Table 2 Effect on the scale factor and base value of adding a trend to the SG–AG fit

The argument for using AG set values for SG–AG calibration probably arises because it is the natural choice when determining an AG site value, where the geophysical corrections are applied to get the site gravity. Among past papers, Rosat et al. (2009) used AG set values when doing SG–AG experiments, and there is some benefit in having a set average with a well-defined set sigma (σs) used in weighting the fit (as we will see). On the other hand, there are two arguments against using sets, the first being the inability of the set average to precisely track the top and bottom of the semi diurnal tides if the regular set averages are used. To combat this, Meurers (2012) suggested using a moving window average of both AG and SG data to help reduce the AG scatter and yet track the tidal signal more precisely. At each drop time an average of the AG and SG data is taken over the length of a set spanning the drop point, thus keeping the high number of drop values, but reducing the drop to drop scatter. This is related to the second point that in principle set averages, rejecting drop outliers, should work better on AG data where the geophysical corrections (principally tides and atmospheric pressure) have been subtracted, and the corrected signal has only a small scatter. The situation is different when doing SG–AG calibrations that require the full tidal signal; the AG set averages are biased by the changing level of the large time-varying signal. The importance of this procedure is one of the options we test in our processing. Recent authors have tended to recommend the use of AG drops to generate the scale factor, ignoring the trivial increase in computer time over the set method.
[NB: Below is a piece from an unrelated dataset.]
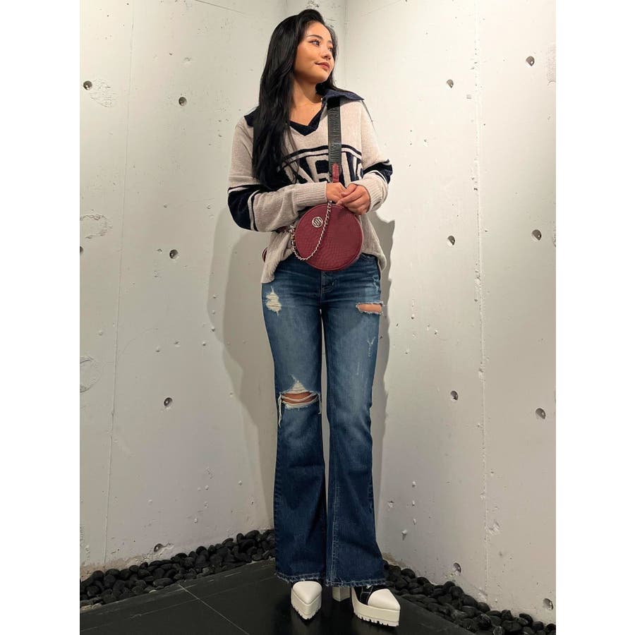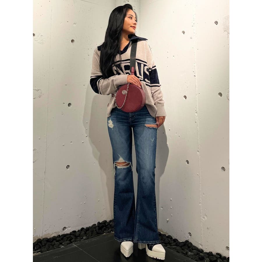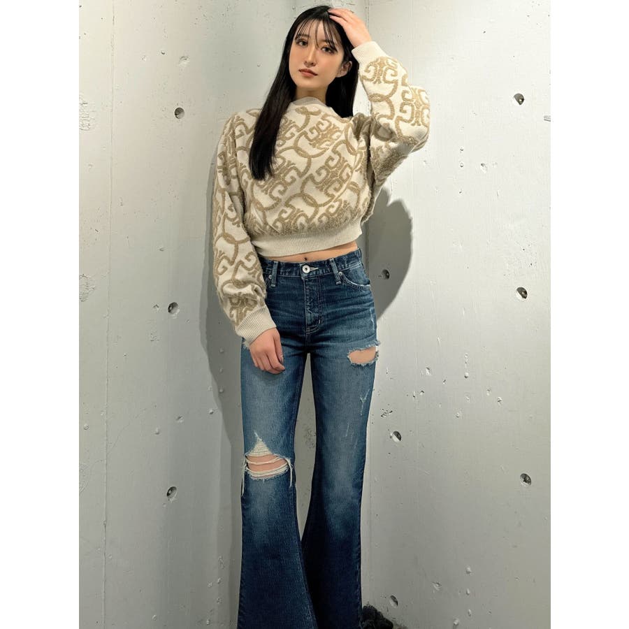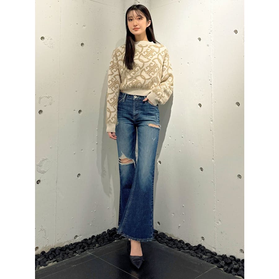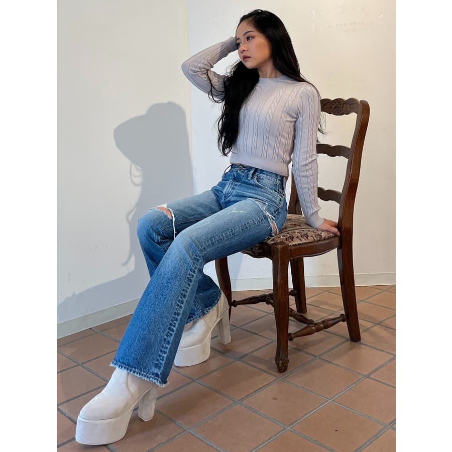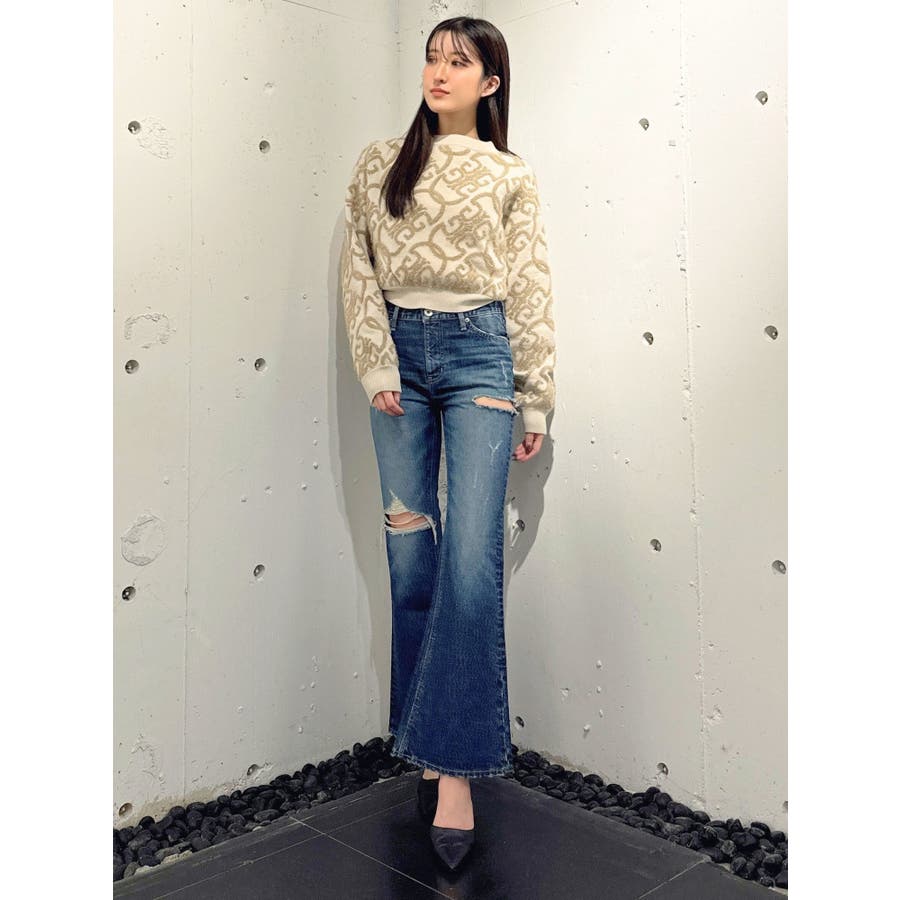 ミドルウエストSIDE RIPPEDフレアデニムパンツ
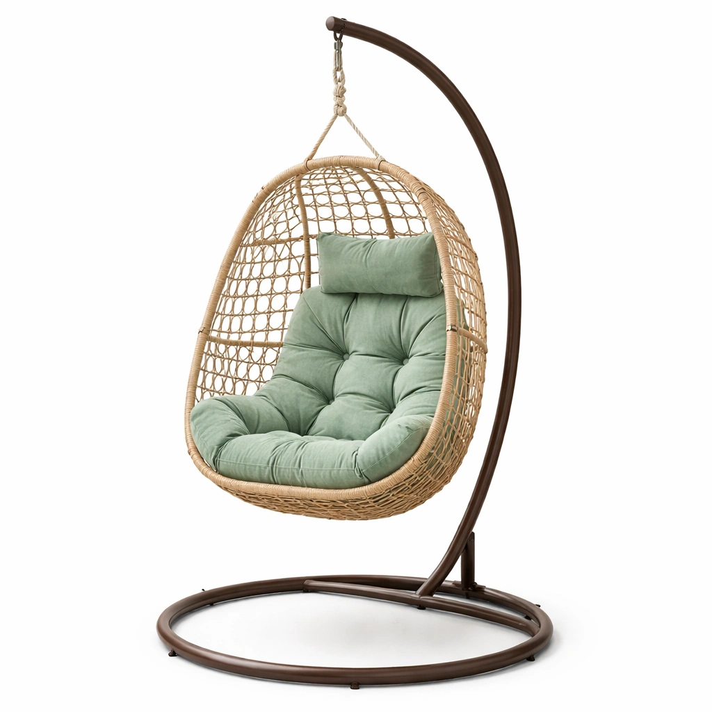 Silla colgante de ratán y acero con cojín verde

2.2 Initial Attempts at Set and Drop Processing

We start with Fig. 1 showing the fit of SG-to-AG data between July 28 and Aug 3, 2011, which was the span of the first AG measurement at Apache Point Observatory after installation of SG046 in February 2009.

Fig. 1
figure 1

Fit of all Apache Point set data between July 28 (MJD 55771) and Aug 3, 2011. The noisiest data, indicated by large set standard deviations (the Sigma column in the set files), varies according to the telescope viewing schedule

The fit is based on AG set values (100 drops/set, set interval 20 min, drop interval 10 s), where it is seen that the σs’s are considerably larger during the nighttime hours when the LLR telescope is active for various sky surveys. The set mean can nonetheless be acceptable if poor drops are rejected and de-emphasized in the set means by their large inverse variances (i.e., 1/σ2) in the SF fit. As can be seen in Fig. 2, zoomed to the first night of the calibration, not only are the set errors large, but the set means deviate from the SG values.

Fig. 2
figure 2

Zoom of Fig. 1 for night of July 28–29 (about the first half day of the experiment) showing the set means are also disturbed by the telescope activity. Labelled are the fitted SG and AG measurements x1(t) and y1(t), Eq. (4). Almost all such sets are discarded in the processing

There were four SG–AG calibrations done for AP between 2011 and 2016, and for comparison we processed four datasets from ST between 2008 and 2011. We first assessed the histograms of the drop and set σ’s (the columns marked ‘Sigma’ in the FG5 text files) for all datasets used in this study and these are shown in Fig. 3a for AP, and Fig. 3b for ST. For AP the drop sigmas are clearly divided into two groups, for every experiment. There is a tight clustering of values around 16 μGal for AP2011 and AP2013, and similarly around about 25 μGal for AP2014, AP2016. Beyond 30 μGal, the drop sigmas extend to very high values (several 100 µGals) for badly disturbed data, and so we choose a maximum acceptable cutoff value of δgm = 30 μGal for all AP data. For the AP set data, however, the sigmas vary from a peak around 5–7 μGal, to a scatter of values up to about 30 μGal, suggesting the latter is also a suitable set cutoff to avoid disturbed data. The situation is different for the ST data where there is very little disturbed data, but the histogram peaks also occur at different values depending on the experiment. The drop sigmas for ST divide between a low of about 10 μGal for ST2010 and ST2011 to between 25 and 30 μGal for the other 2 datasets. The ST set sigmas vary between 5 and about 27 μGal, so to include most data we choose for ST a rather large value of δgm = 35 μGal as a cutoff, but this is not a critical value because there are very few sets above 25 μGal.

Fig. 3
figure 3

Histograms of standard deviations of drop and set values for 4 datasets from a Apache Point and b J9 Strasbourg. The AP drop σ’s are divided into two groups separated just below 30 μGal for the better data and > 30 μGal for the poor nighttime data. Note that the range of the σ’s for data < 30 μGal is similar for both drop and set errors at both stations. One could also plot the set histograms based on the ‘Error’ column in the set files, in which case the set σ’s are about a factor 10 smaller when there are ~ 100 acceptable drops per set

We processed the four SG–AG experiments at AP using both set and drop data. Initially we used all the set or drop data in the files, without prior selection, and compute the solution relying on the weights (inverse variances from the drop sigmas) to reject large set or drop σ’s. This initial processing is called JS0 (selection method 0) and yields the two rows ‘JS0’ in Table 3. To be explicit this procedure consisted of:

Table 3 Set versus drop scale factors β (μGal/V) for AP experiments; drop and set δgm = 30 μGal
  1. (a)

    Selecting only those drops or sets that had sigmas below the sigma cutoff discussed above (shown in Fig. 3) and weighting the AG data according the their inverse variances, and

  2. (b)

    For the SG data we used 1 min GGP data and interpolated the SG value to the drop time or set time that matched the AG times. This is the procedure discussed in Rosat et al. (2009).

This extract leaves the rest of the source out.